Task to carry out
What you return should be the lines from the one with "第二位汇报人为周华科。他分享" through the one with "(通讯员 周弦)2025年4" in the data below, reproduced exactly with both ends, and no pictures at all.

------------------------------------

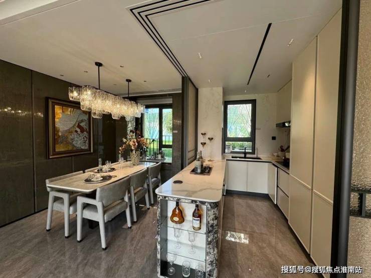 招商中旅·观境的解决方案是 “零无效空间”。通过整合餐客厨等公共区域厅,将原来南北厅中间的走廊空间融合到使用空间中,减少过道的面积,避免碎片化的空间带来的冗余浪费。大面宽,短进深,餐厅与客厅横向相连,每一平方米都物尽其用,把客厅升级为家庭互动主场。
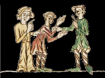 Heidelberger Sachsenspiegel: Die männlichen Wenden sind mit rot-weißem Beinwickeln gekennzeichnet. Sie durften in ihrer Sprache vor Gericht kommunizieren, es wurde übersetzt. Eine vereinheitlichte Sprache gab es noch nicht. Es wurde z. B. Friesisch, Sächsisch, Rheinisch, Fränkisch, Alemannisch oder Bayrisch gesprochen.
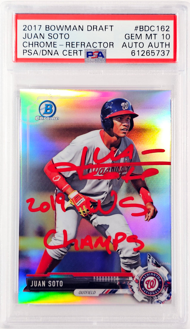 Own a stunning piece of baseball history with this 2017 Bowman Draft Chrome Refractor Rookie Card #BDC162 signed by Juan Soto. Celebrated for his breakout impact in the MLB and pivotal role in securing the 2019 World Series Championship for the Washington Nationals, Soto's rookie memorabilia is rapidly gaining value among collectors. This autographed card is graded Gem Mint 10 by PSA, capturing peak condition and unparalleled eye appeal, making it a must-have for serious hobbyists and Soto fans alike. It also includes the compelling inscription "2019 WS Champs", commemorating a historic championship moment in Nationals history. Authenticated and encapsulated by PSA/DNA in their tamper-proof holder, this card offers not only collector prestige but long-term security and investment confidence.
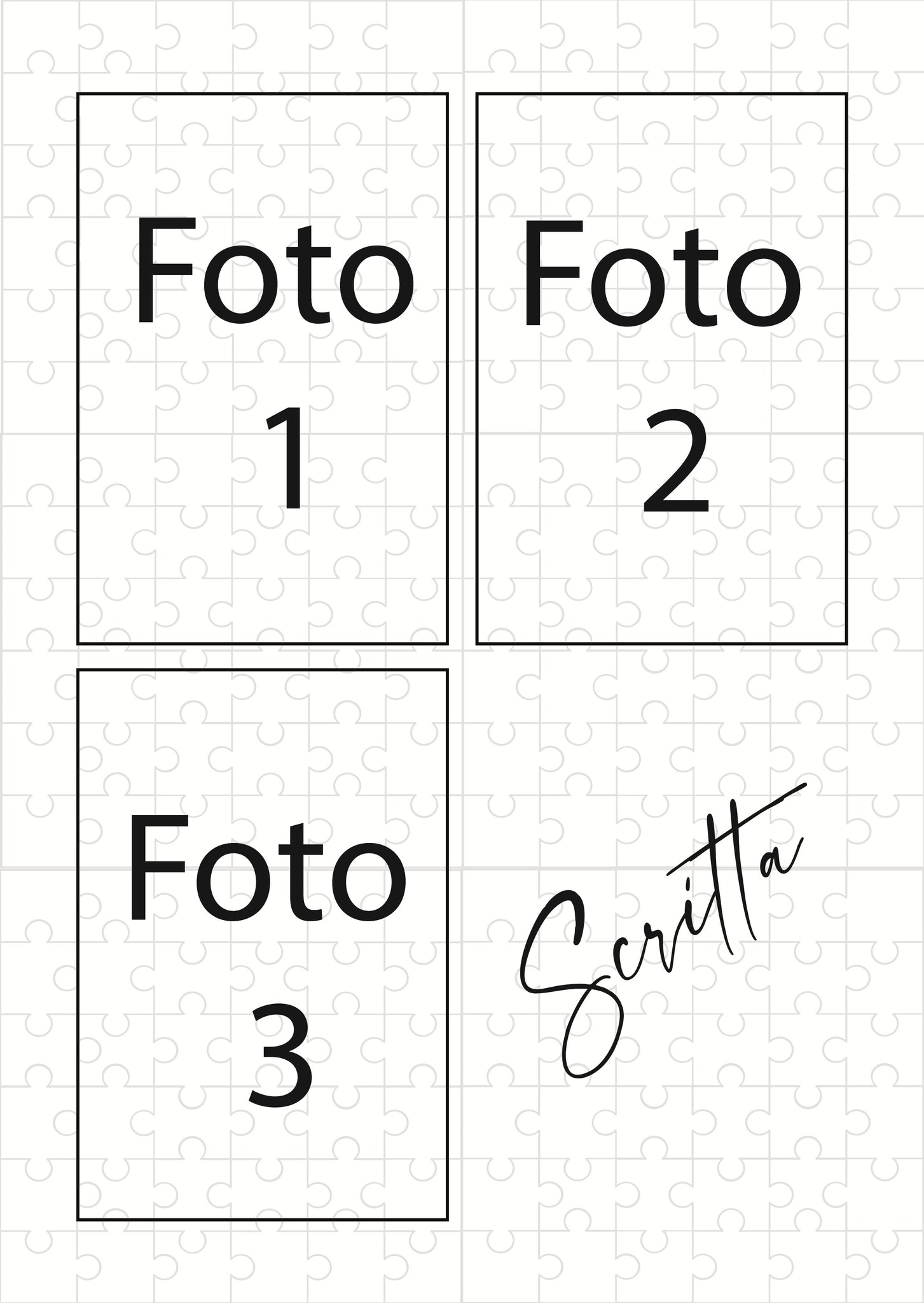 - Puzzle personalizzato "Collage con 3 foto e scritta" in formato A4 (96 pezzi) o formato A3 (192 pezzi)
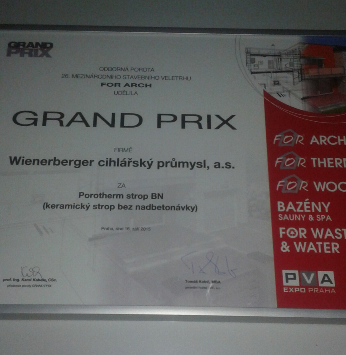 Druhý den mezinárodního stavebního veletrhu, 16. září 2015, byly slavnostně předány ceny Grand Prix pro nejinovativnější výrobky stavebních veletrhů a ocenění za nejpoutavější expozici Top Expo. Stalo se tak na galavečeru mezinárodního veletrhu FOR ARCH. Cenu Grand Prix si společnost Wienerberger cihlářský průmysl, a. s. odnesla za inovativní řešení nosné stropní konstrukce pro svépomocnou výstavbu umožňující snížení konstrukční výšky, hmotnosti a pracnosti (Strop Porotherm BN – strop bez nadbetonávky).
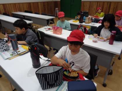 嬉しそうにお弁当を開ける子どもたち、「わぁ〜美味しそう!」とみんな笑顔でお弁当を食べていました。いろいろとご準備ありがとうございました。
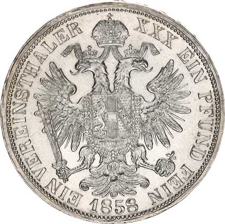 | 1351. | Tolar spolkový 1858 B 18,503 g | 0/RL | 4600,- | 5000,- |
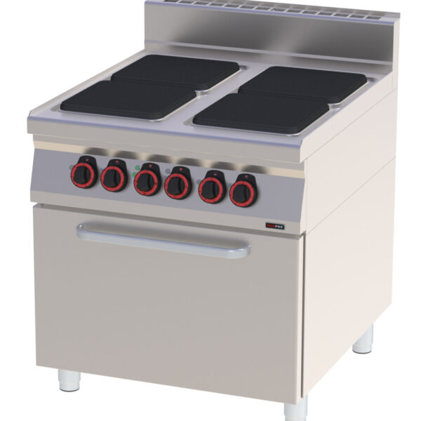 Kuchnia elektryczna 4-płytowa z piekarnikiem elektrycznym z termoobiegiem GN 1/1, płyty kwadratowe, 17,13 kW, 800x900x900 mm | REDFOX, Linia 900, SPQT
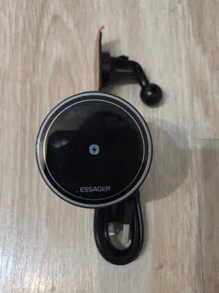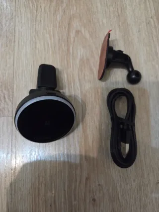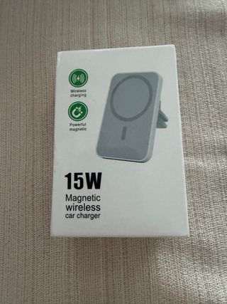 Cargador inalámbrico para coche, nuevo y en perfecto estado. Incluye cable USB tipo C y soporte. - Diseño elegante en color negro. - Soporte ajustable para el móvil. - Incluye accesorio para rejilla de ventilación y cable USB tipo C . -Nuevo en su caja.
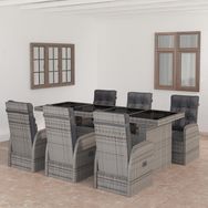 Salon de jardin 7 pcs avec coussins Resine tressee Gris
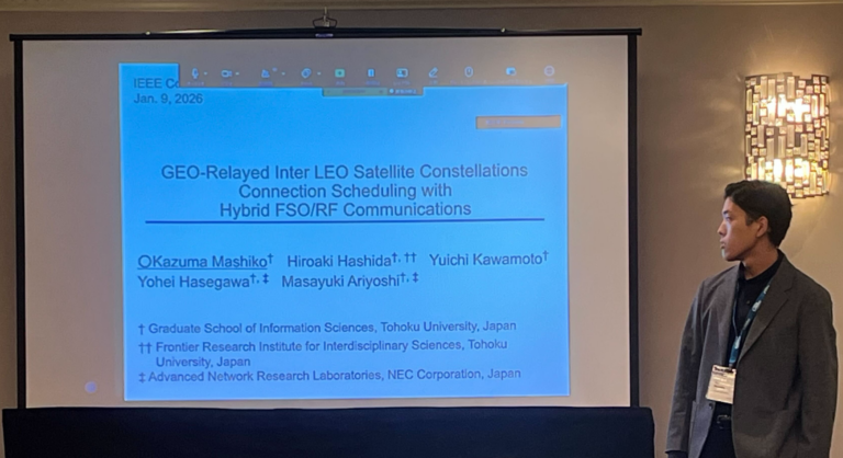 Hinonishi (M1) made a presentation entitled “Snell-Guided Coverage Estimation Model for Optimal Static Metasurface Design” at Technical Committee on Radio Communication Systems, that was held in Katsushika, Tokyo, Japan in Mar. 2026.
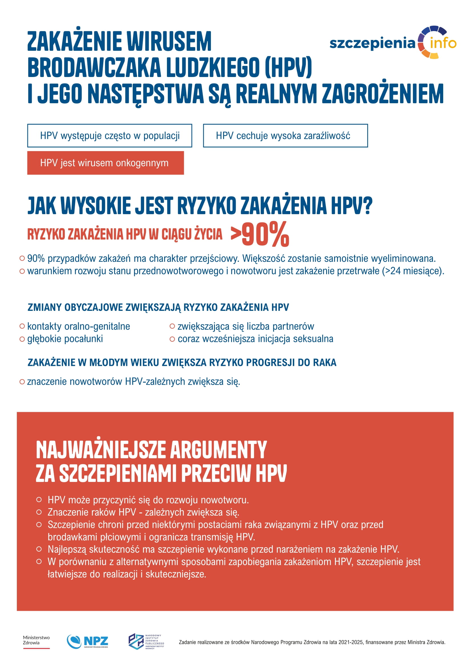 Znamy dowody na związek zakażenia typami onkogennymi HPV z rakiem szyjki macicy, jak również rakiem sromu i pochwy u kobiet, rakiem prącia u mężczyzn a także rakiem odbytu oraz nowotworami głowy i szyi (w tym rakiem krtani) u obu płci.
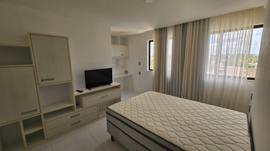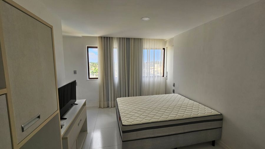 - Quartos: Dormitórios amplos com piso em porcelanato branco, armários embutidos e grandes janelas que garantem ótima ventilação
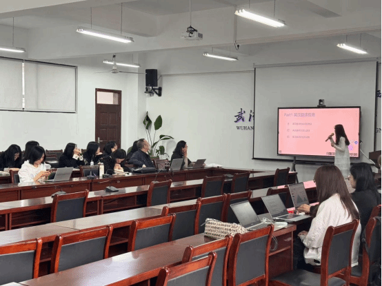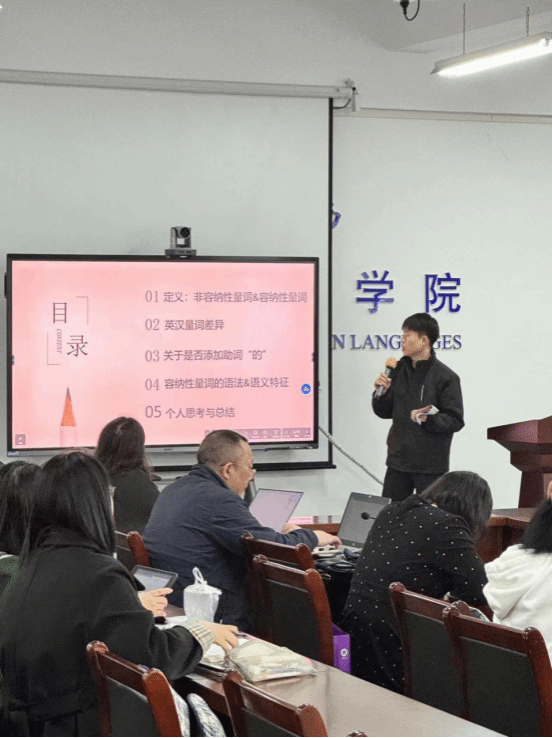 第二位汇报人为周华科。他分享的主题是“汉语空间容纳性量词考察及英译”。他首先区分非容纳性量词和容纳性量词的定义,然后进行例证。接着讲解是否添加助词“的”的各种情况。最后提出,容纳性量词的使用可以为语言表达增添更为具体和生动的信息,也从英译的角度进行举例说明。
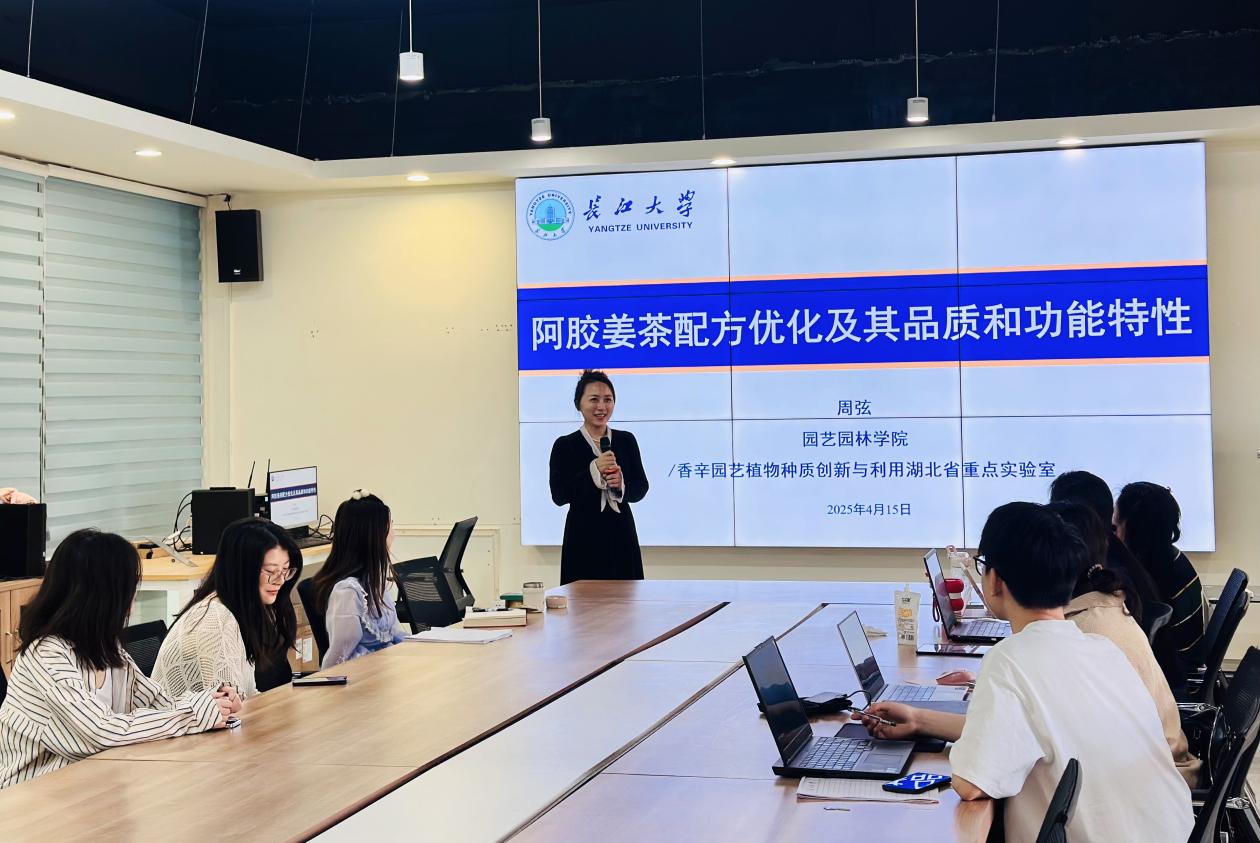 (通讯员 周弦)2025年4月22日上午,由tyc5997太阳集团主办的“求实导师学术沙龙”系列讲座在农科大楼2001会议室举行。高级实验师周弦以“阿胶姜茶配方优化及其品质和功能特性研究”为主题,系统分享了其团队在传统草本茶饮现代化改良中的创新成果。
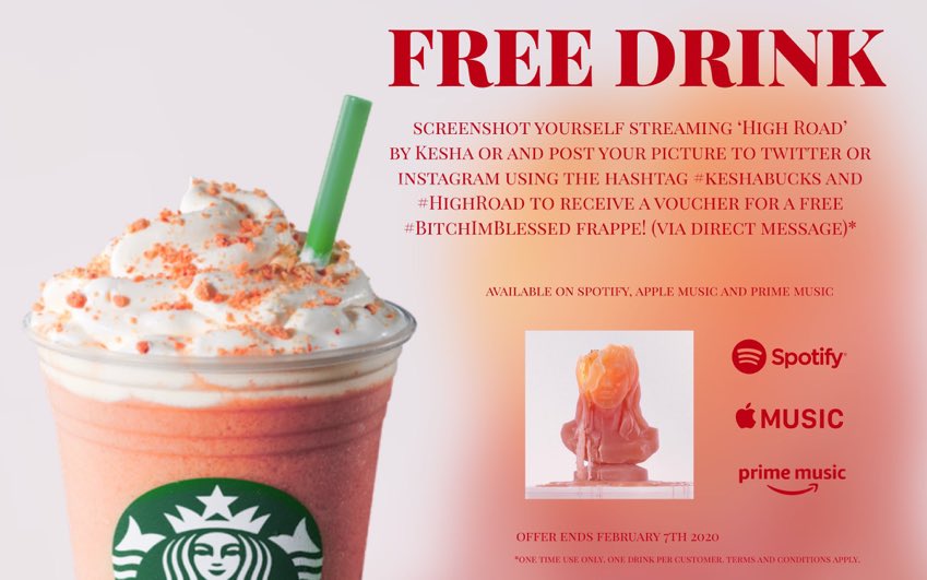 Starbucks is celebrating the release of Kesha’s 4th studio album with a promotion for a free drink of choice! Simply post a screenshot of yourself streaming

------------------------------------

Response
 第二位汇报人为周华科。他分享的主题是“汉语空间容纳性量词考察及英译”。他首先区分非容纳性量词和容纳性量词的定义,然后进行例证。接着讲解是否添加助词“的”的各种情况。最后提出,容纳性量词的使用可以为语言表达增添更为具体和生动的信息,也从英译的角度进行举例说明。
 (通讯员 周弦)2025年4月22日上午,由tyc5997太阳集团主办的“求实导师学术沙龙”系列讲座在农科大楼2001会议室举行。高级实验师周弦以“阿胶姜茶配方优化及其品质和功能特性研究”为主题,系统分享了其团队在传统草本茶饮现代化改良中的创新成果。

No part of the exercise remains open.